With the Lucidworks Search Platform this used to require your search team to implement an often extensive business layer that was flexible enough to allow you to alter these kinds of things without releasing new code or bouncing the server, etc. For some context, Lucidworks has had some minimal capabilities for expressing changes to relevance based on business needs.  For instance, editorial boosting (QueryElevationComponent in Solr parlance) allows one to boost specific results to the top of the result set for given queries or to exclude specific documents.  Alternatively, Solr’s Function capabilities (function queries and sort by function) allow one to express fairly complicated expressions for boosting content based on the values of specific fields.  Unfortunately, unless your search team exposed these things through their Admin interface, using these capabilities still required a programmer, or at least someone knowledgeable about Solr’s configuration to add the capabilities. In Lucidworks 2.1, we set out to remedy these limitations by putting in place a solution that would allow users to better express business needs in a dynamic, fast paced environment.  However, unlike most search engines that take a “not invented here” approach to functionality and spend a lot of effort on building something from scratch (guess who pays for that?), we decided it would be far more useful to harness the capabilities of the existing, very large and quite capable business rules community and their proven mechanisms for capturing dynamic business requirements. To that end, we put in place two pieces of functionality in Lucidworks 2.1:

  1. A framework for integrating 3rd party business rules solutions into the search context, both at indexing time as well as search time.  Thus, if you’re company already has a rules engine like IBM’s JRules or Fair Isaac’s Blaze Advisor, you can take advantage of that investment by hooking it into Lucidworks through our framework.  Note, you will have to write some code to do this, but it is fairly minimal and we’re happy to help.
  2. A working, fully integrated implementation leveraging Red Hat’s Apache licensed Drools rules engine that allows users to apply business rules across a broad range of Lucidworks functionality, which we’ll detail below.  Despite the odd sounding name (which is a hallmark of open source), Drools is a robust, well supported, well documented open source project in wide use.

Quick Drools Primer

After evaluating a number of rules engines, both proprietary and open source, we decided on Drools for a number of reasons:

  1. Easy to use rules language with an associated web-based editor
  2. Implements the Rete algorithm, which is pretty much the standard for this kind of stuff.
  3. 100% Java making for an easy install and easy to integrate
  4. Apache licensed
  5. Cost (i.e. free as in beer)

There are already a lot of tutorials, books and the like on Drools available, so I won’t go into too many details about Drools other than to provide a quick overview plus a few resources.
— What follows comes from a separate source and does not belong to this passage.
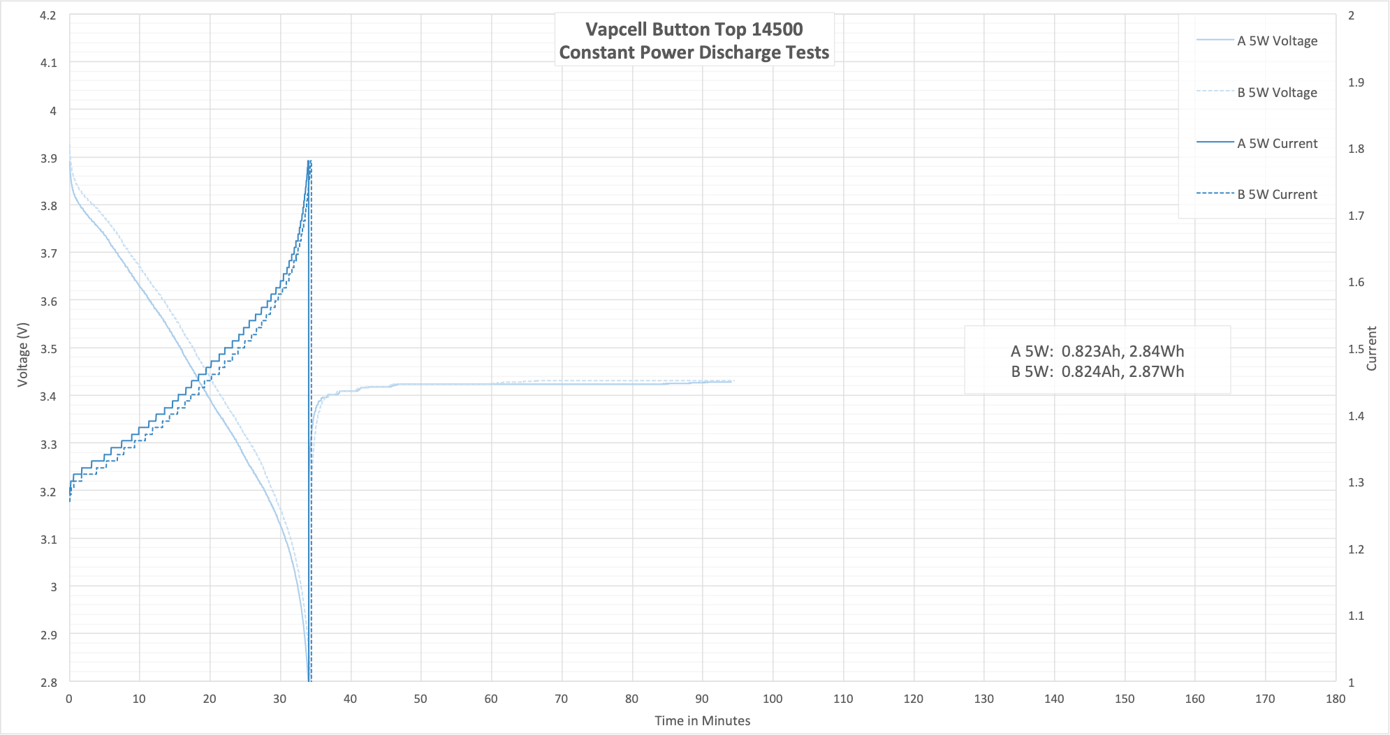 The Vapcell 14500 Button Top Lithium-ion cells aren’t on the official site yet. But the flat top can be viewed here. I’m confident that the specifications are the same.

Drools works by having applications inject facts into what is known as the working memory and then evaluating which user written rules should be fired given the facts in the working memory.  Rules are essentially if-then clauses which allow rule writers to express what facts must be true (the “if” clause, or “when” clause in Drools lingo) and then what should happen when a fact is true (the “then” clause).  A fact in Drools is essentially any Java object that the application wishes to inject.  For Lucidworks, facts are things like the input query or the document to be indexed and other objects used to process requests in Solr. As an example of writing rules in Drools that operate on facts, here is “Hello Lucidworks”:

rule "HelloLucidworks"
$rb : ResponseBuilder();
then $rb.rsp.add("hello", "lucidworks"); end

All this does is check to see if there is an object called ResponseBuilder in the working memory (those familiar with Solr will recognize this as one of the key objects in processing requests in a SearchComponent) and then adds a key-value pair to that ResponseBuilder.  Naturally, like all “Hello World” examples, it isn’t all that interesting other than one quickly notices that Drools looks a lot like Java and that this looks like programming, both of which are true on the surface.  Drools does look like Java, but it also supports user’s writing rules via either the Guvnor UI (which does not feel as much like programming or Java) or via a Domain Specific Language (DSL) which can be tailored to your particular domain. Rather than turn this into a lengthy Drools tutorial, let’s move along, but not without first refering you to the following resources, after which we’ll try this out in action:

  • – The main place to get started with Drools and find all the latest documentation
  • Drools Books on Amazon.  Note there are several good ones, but make sure to get one covering version 5.

Lucidworks + Drools

Instead of going into details on how this is all implemented, let’s try it out by working through a use case whereby we want to add specific terms into a query when we see a certain term. For background, we’ll need to get Lucidworks setup and get some documents into it.  To do that, do the following steps:

  1. Download Lucidworks from our downloads page and install it per the install instructions and have it start Lucidworks.  I’ll refer to the install location that you choose from here on out as $LW_HOME.
  2. Download the sample Apache email documents from and unpack it (tar -xf ibm.tar.gz).  I’ll refer to the location of these files as $CONTENT.
  3. Log in to the Lucidworks admin at http://localhost:8989/ and create a new collection named ASFArchives.
  4. Create a new Filesystem Data source and point it at $CONTENT (i.e. the full path of the directory you unpacked ibm.tar.gz in).  I named my data source “Small”  and used the defaults for the rest of the options.  For more information, see the Lucidworks user guide.
  5. Once you’ve saved the Data Source, kick off the crawl.   You can commit the results anytime by browsing to http://localhost:8989/ and hitting the commit button (it will also commit on its own, but if your impatient like me, you can force it).
  6. After its crawled a while, try a search such as “cocoon” (http://localhost:8989/collections/ASFArchives/search?q=cocoon)
  7. We’ll come back to this data later, however, once the crawl is done, you should see roughly 370,000 documents in the collection.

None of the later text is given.